# wer kann helfen ? sind daten noch zu retten?



## visaca (17. Januar 2008)

hallo,

ich habe ein problem, mir ist meine externe festplatte heruntergefallen und auf jeden fall hat sie einen schlag abbekommen. es klingt, als würde der laser hängen....
wenn sie dann versucht, die daten zu erkennen, hängt sie sich irgendwann auf...

ziemlich aussichtslos...
aber: habe sie mehrere male immer wieder neu gestartet, auch mal für hochkant einen kleinen schag versetzt (sagten sie mir in einemcomputerfachgeschäft) und nun gibt es phasen, wo sie nicht mehr hängt , mein computer sie auch  erkennt , aber eben leider nur als  Laufwerk, ohne den Namen, der sonst angezeigt wurde: Avalon. Über Arbeitsplatz ist die Festplatte nicht zu erkennen.

ein freund gab mir den rat, mit einem treiber zu versuchen, den kontakt wieder herzustellen.

WER KANN MIR EINEN LINK SENDEN; WO ICH MIR GENAU DEN tREIBER DOWNLOADEN KANN?
es handelt sich hierbei um eine MD400 von samsung / genauer: Avalon mobile festplatte 5000130 / ich habe windows xp

wer hat sonst noch eine idee? ich muss nur einmal an diese daten kommen - denn da steckt 4 jahre arbeit drin!
wer kann mir helfen?

noch dazu muss ich zugeben, habe ich wenig ahnung - weiblich u was computer betrifft wenig wissend-
also so einfach wie möglich mit mir sprechen, wenn möglich 

Tausend Dank!!


----------



## ronaldh (17. Januar 2008)

Das klingt nicht gut, was Deiner Platte passiert ist... Ich würde Dir empfehlen, zu einem Computer-Fachgeschäft zu gehen (vorher anrufen, ob die sowas machen), denn ich denke, dass Du da allein sicherlich keine großen Chancen hast.


----------



## visaca (17. Januar 2008)

*Suche Treiber für Avalon mobile Festplatte 5000130*

eine servicehotline gab mir folgenden link für einen avalon treiber:

http://www.mapower.de/deutsch/pages/downloads/downloads.htm 

ich ahbe einen avalon mobile festplatte 5000130 und suche dringend einen treiber dafür, verstehe auf dieser seite leider nur bahnhof.

wer kann mir helfen?


----------



## Psylo (17. Januar 2008)

Für eine Festplatte braucht man doch keine Treiber, egal ob extern oder intern.
Was funktionert denn nicht und um welche handelt es sich denn genau?
Unter http://www.mapower.de/ gibt es ja einige Platten.
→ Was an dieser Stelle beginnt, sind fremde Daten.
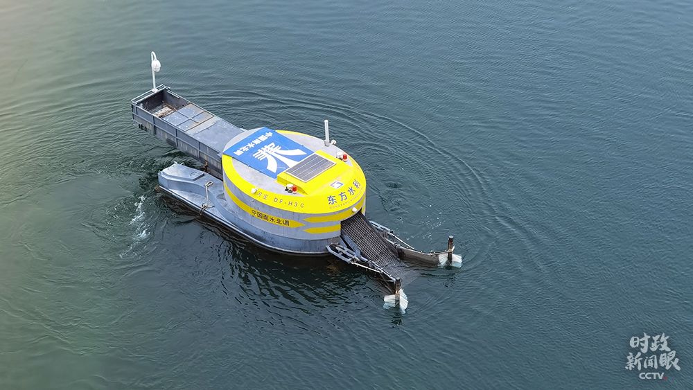 形似小船的清漂机器人自带摄像头,能自动寻找水面垃圾。(总台央视记者马立飞拍摄)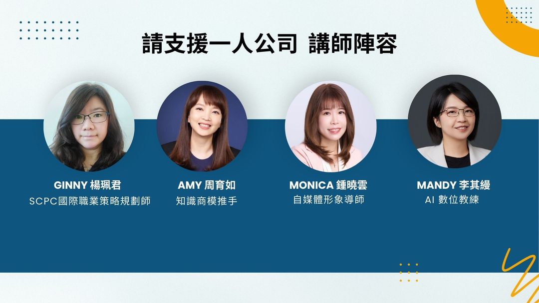 主辦單位:請支援一人公司 協辦單位: 🔹 亞太知識創生發展協會 講師社群與學習交流平台,舉辦師說新語等講師課程活動 🔹 書粉聯盟 全台最大的讀書會社群平台,舉辦各式線上下讀書會活動 🔹 台灣自媒體產業發展協會 自媒體產業發展協會發起自媒體課程活動與專案計劃,協助自媒體夥伴成長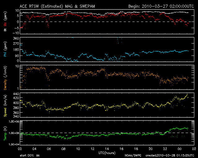2010/ 3/26 08:53 コロナホールの影響で、太陽風の速度は400km/秒台に上がっています。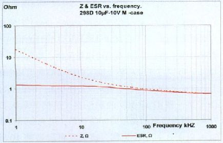 舉例來說,如果使用10μF的鉭電容用於負載線瞬態穩定,10kHz下測得的ESR的安全工作範圍為最大10Ω,最低10mΩ(見圖2)。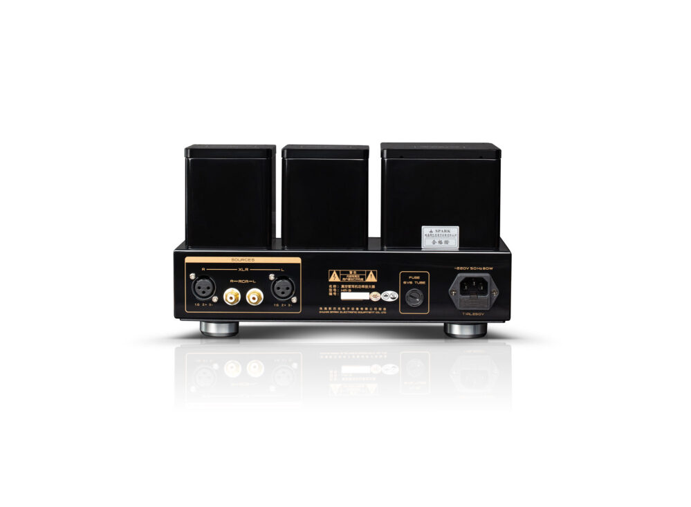 Zwei 6V6S-Ausgangsröhren treiben ein Paar eigens entwickelte Ausgangstransformatoren an, die unsymmetrische und symmetrische Kopfhörerausgänge unterstützen. Die Sekundärwicklung der Ausgangstransformatoren stellt eine alternative Phase bereit und bildet so einen echten symmetrischen Ausgang.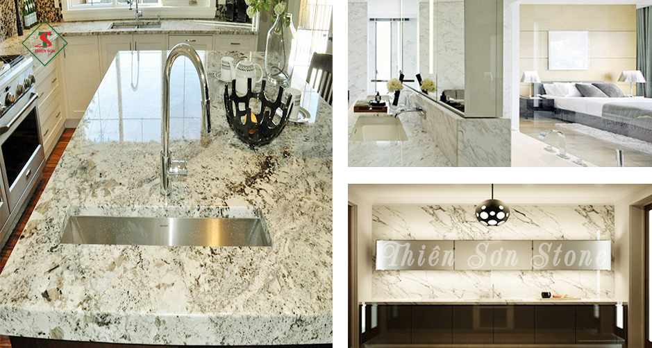 Đá marblelà một trong những đá tự nhiên được ứng dụng rộng rãi cho nhiều công trình, dự án, biệt thự cao cấp như: lát nền, ốp tường, ốp cột, lát cầu thang, ốp bếp, quầy lễ tân, bàn lavabo, làm bàn ghế, phòng khách, nhà tắm… Sự góp mặt của đá marble trong các thiết kế làm gia tăng tính thẩm mỹ cho công trình, tạo nên vẻ đẹp tinh tế và sang trọng.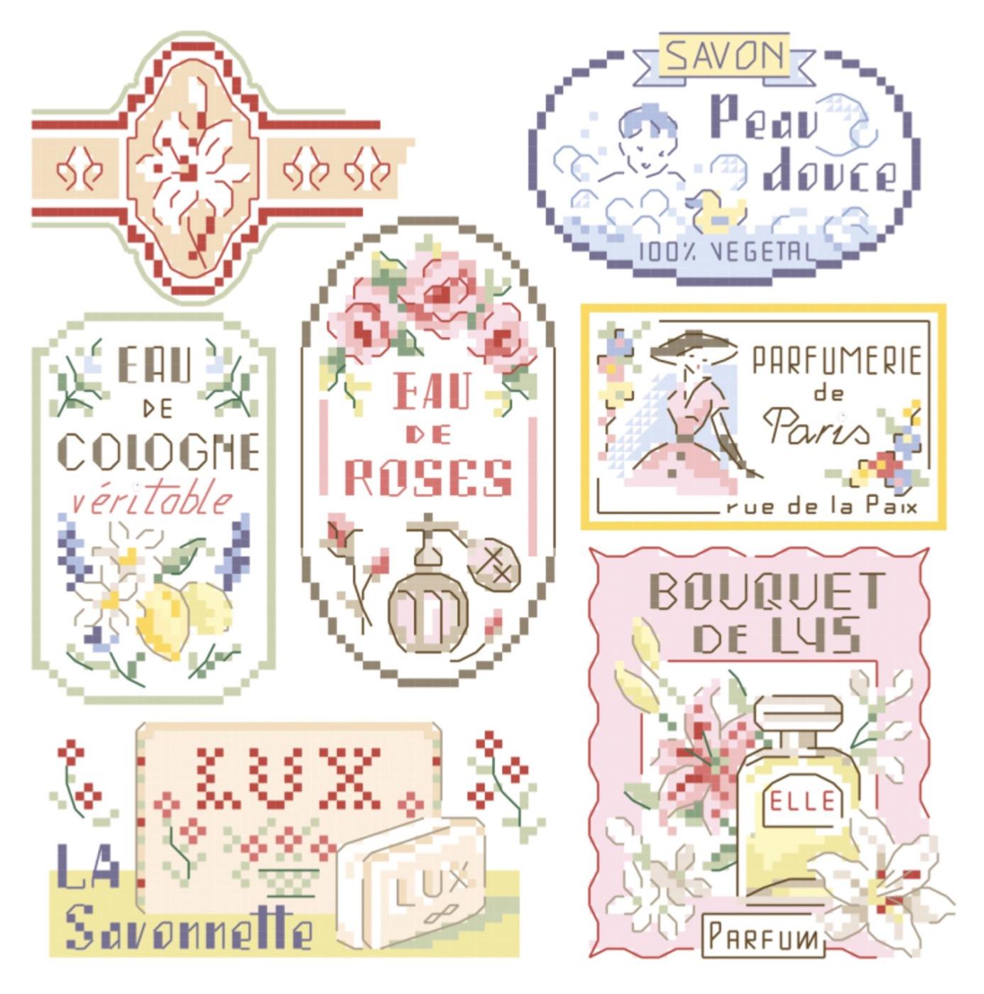 お客様からのリクエストにより取り扱いとなりました♪ 〈作品画像など〉 版元サイト[外部リンク] でその他イメージ画像をご覧いただけます。 この7種類のラベルは、かつての懐かしく、おしろいのような、石鹸の香りがする花の優しさを漂わせています。 化粧ポーチやエプロン、あるいはバスルームに素敵に額装して飾れば、デリケートでレトロな魅力でお部屋を彩ってくれるでしょう。 サイズ:最小サイズ:縦31ポイント × 横44ポイント、最大サイズ:縦54ポイント × 横27ポイント 出版社名:Les Brodeuses Parisiennes 言語:フランス語 |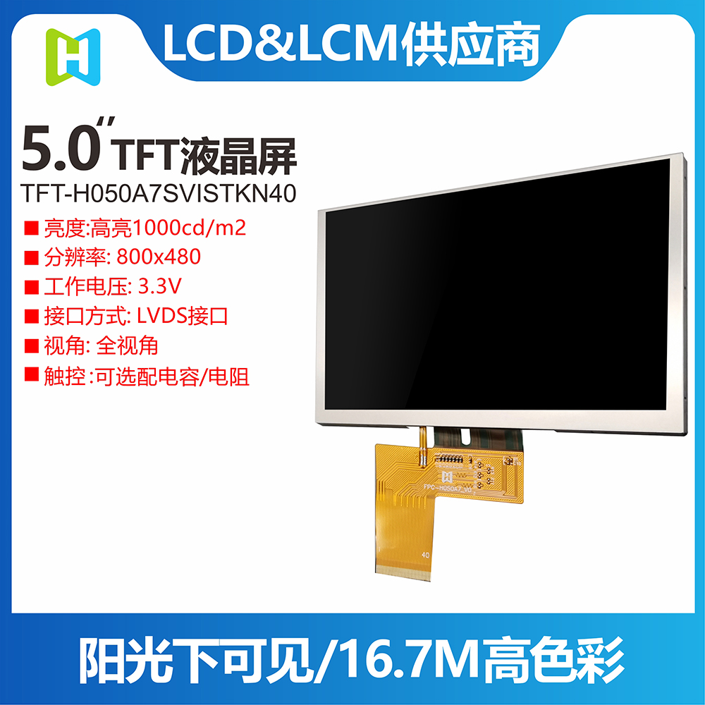 TFT-H050A7SVISTKN40是一款5寸采用IPS面板技術(shù)的TFT液晶顯示器模塊。此款TFT-LCD分辨率800 x 480 pixels。TFT-H050A7SVISTKN40模塊內(nèi)置ST7262 driver IC,支持LVDS接口,對(duì)比度1000 (典型值),模塊亮度為1000 nits(典型值)。H050A7采用IPS面板技術(shù),視角比TN玻璃更廣范圍為左: 80 / 右: 80 / 上: 80 / 下: 80 度,色彩鮮明,具有飽和自然的優(yōu)質(zhì)畫面。H050A7模塊的驅(qū)動(dòng)電壓為3.3V,平常黑/透射式LCD,霧面玻璃,屏幕長寬比16:9。此款模塊的工作溫度是-30℃ 至 +85℃,儲(chǔ)存溫度是 -30℃ 至 +85℃。如果客戶產(chǎn)品應(yīng)用需要使用高亮TFT,可選用TFT-H050A7SVISTKN40模塊,其模塊亮度為1000 nits (典型值)。H050A7系列同時(shí)也有電阻式(RTP)與電容式觸控面板(CTP)供選擇。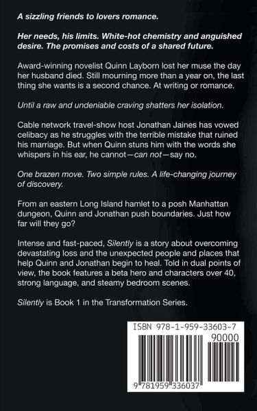 Her needs, his limits. White-hot chemistry and anguished desire. The promises and costs of a shared future: A slow-burn, friends to lovers romance. Award-winning novelist Quinn Layborn lost her muse the day her husband died. Still mourning more than a year on, the last thing she wants is a second chance. At writing or romance. Tonight, as dinner guests gossip in her breezy beach house-her agent's well-meaning intervention-she arms herself with a full glass of red wine: Don't come close. Until a raw and undeniable craving shatters her isolation. Cable network travel-show host Jonathan Jaines still struggles with the terrible mistake that ruined his marriage. Tonight, he watches Quinn move among the guests like a ghost. His heart aches for her. The vivacious woman he knew from the movie set a few years ago? Gone, replaced with a grieving widow. When she stuns him with the words she whispers in his ear, he cannot-can not-say no. One brazen move. Two simple rules. A journey of sensual discovery that will transform both their lives. From an eastern Long Island hamlet to a posh Manhattan dungeon, Quinn and Jonathan push the boundaries. Between pleasure and pain, control and surrender, trust and forgiveness. But as feelings and the risk of heartbreak grow, as their pasts and potential future collide, just how far is too far? Briskly paced and intense, Silently is a story about overcoming devastating loss and the unexpected people and places that help us begin to heal. Told in dual points of view, the book features a beta hero and characters over 40, strong language, and super-steamy bedroom scenes. (Length: approximately 43,000 words.) Silently is Book 1 in the Transformation Series. The books should be read in order.

> s klingt, als würde der laser hängen....


Leider gibt es keine Laser in HDDs, da sind kleine Lese/Schreibköpfe drinnen die sich auf einer art "Ausleger" über die einzelnen "Scheiben" der HDD bewegen.

Allem anschein nach laufen entweder die "Scheiben" der HDD nichtmehr rund oder die "Ausleger" können sich nicht mehr richtig positionieren. Ein normales "PC- Fachgeschäft" wird dir da auch nicht doll weiterhelfen können da die auch nichts weiter machen würden als die HDD an ihren Rechner anzuschließen. Es gibt allerdings spezielle Firmen die sich auf Datenrettung spezialisiert haben und z.B. auch HDDs retten können die in einem Feuer, unter Wasser etc. waren. Allerdings kostet dies sicherlich eine Menge und es ist halt die Frage, ob sich das für dich lohnt.

MfG Psylo


----------



## Maik (17. Januar 2008)

@visaca: Als neu registriertes Forumsmitglied möchte ich dich darauf aufmerksam machen, dass in diesem Forum großer Wert auf die Einhaltung der deutschen Rechtschreibung gelegt wird, und dazu zählt u.a. auch die Groß- und Kleinschreibung.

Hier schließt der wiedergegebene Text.